Lhote was orphaned at age 12 and subsequently became a boy scout, where he learned about anthropology. He was largely self-taught until he became a pupil and protégé of Abbé Breuil, a great expert on prehistoric cave art in France. He began to do fieldwork in anthropology in 1929 but his work was often contested due to his lack of credentials. In 1945, at the age of 42, he finally obtained a doctorate under the direction of Marcel Griaule. He led unsuccessful expeditions to Hoggar and Teffedest Mountains in 1949–1950.

===Discovery of Tassili===
Lhote met and befriended a French soldier named Charles Brennans who had discovered rock paintings and engravings in a remote, uninhabited zone on the edge of the Sahara desert, while on an exploratory mission there in the 1930s. The artwork was on sandstone cliffs in a deep wadi of a barren plateau known as Tassili-n-ajjer, and included depictions of elephants, giraffes, rhinoceroses, and strange human figures.

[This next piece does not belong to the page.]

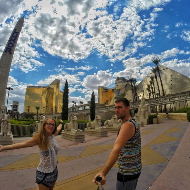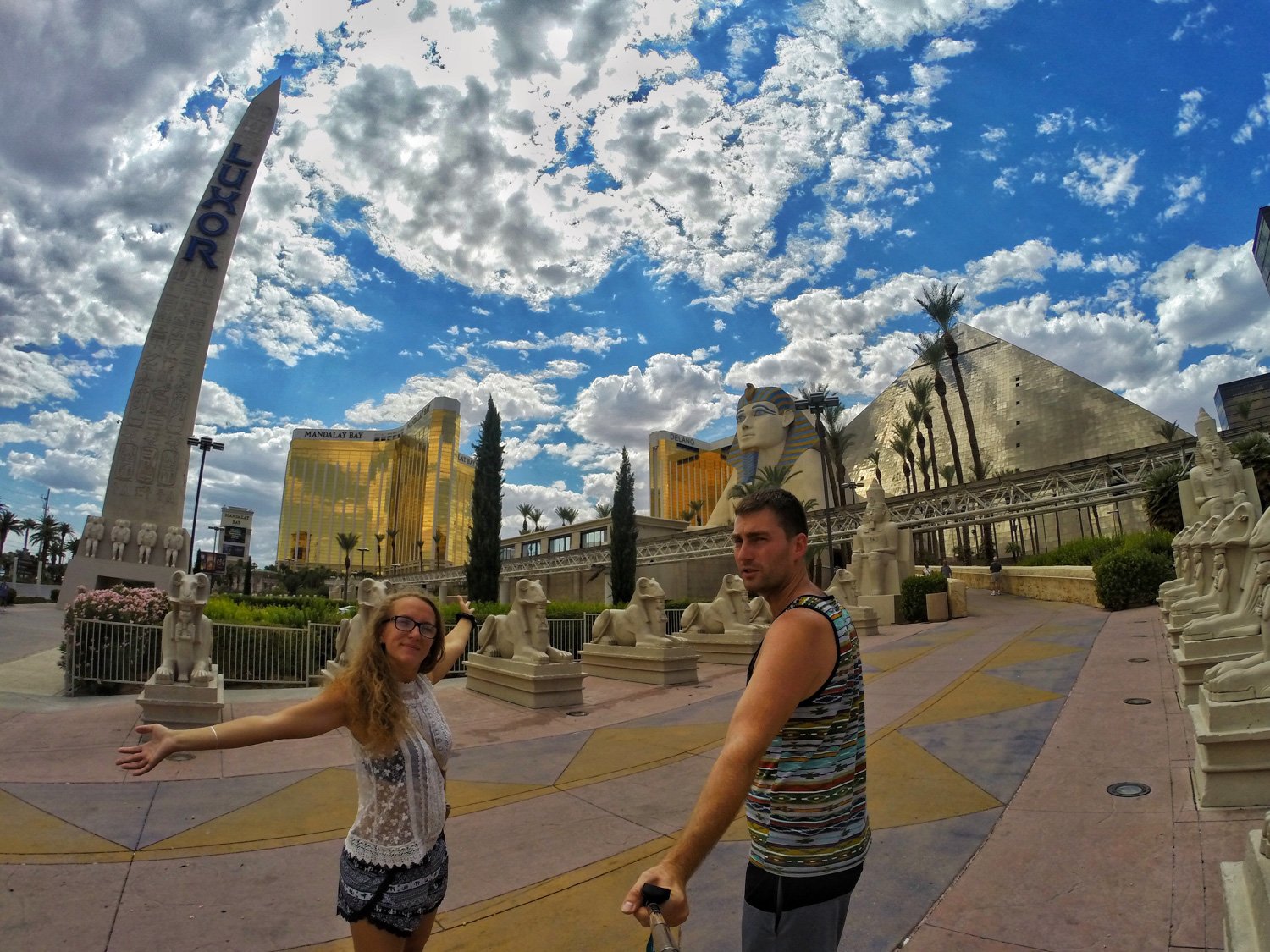 We threw it behind our heads and started looking forward to the rest, the clean hotel room and the illuminated Las Vegas. The way back under the hills was great, full of turns, no cars and high speed. I at least enjoyed the ride, since Lenka kept complaining that she would get sick. Those views were only a bit behind yesterday’s. The continuation of the journey was also quite interesting, and it again had that right wild American flair. It quite surprised me that also Las Vegas is relatively high up, over 600 m above sea level, and there are mountains all around. As a city in the desert, I imagined it maybe a little differently, but at least I am a little wiser again, and as for other ideas, for example, temperature, they were fulfilled, and it was hellishly hot there. We checked in at half past four at the hotel Circus Circus and went out into the streets in the evening. We were quite tired, so we only went lightly and for a short time, since the wind picked up later and a storm was approaching. But we managed to capture the incredible atmosphere of the city, and at least for a little while, we devoted our gaze to most of the famous hotels on the Strip. But already now, I was looking forward to exploring it a bit more since Lenka had already spent a few days in Las Vegas before and knew the city quite well.

With the help of Brennans, and with financial support from the Musée de l'Homme in Paris, Lhote mounted an expedition to investigate. They landed in Djanet in February 1956 and made their way over land to Tassili. Lhote later wrote that he had never seen anything "so extraordinary, so original, so beautiful" as the art at Tassili n'Ajjer. Over 16 months in 1956 and 1957 Lhote and his associates discovered about 800 paintings, many of which he documented with the aid of painters and photographers. These images were presented in 1957 and 1958 at the Musée des Arts Décoratifs in Paris and were, in the opinion of the writer and politician André Malraux, "one of the most defining exhibitions of the mid-century".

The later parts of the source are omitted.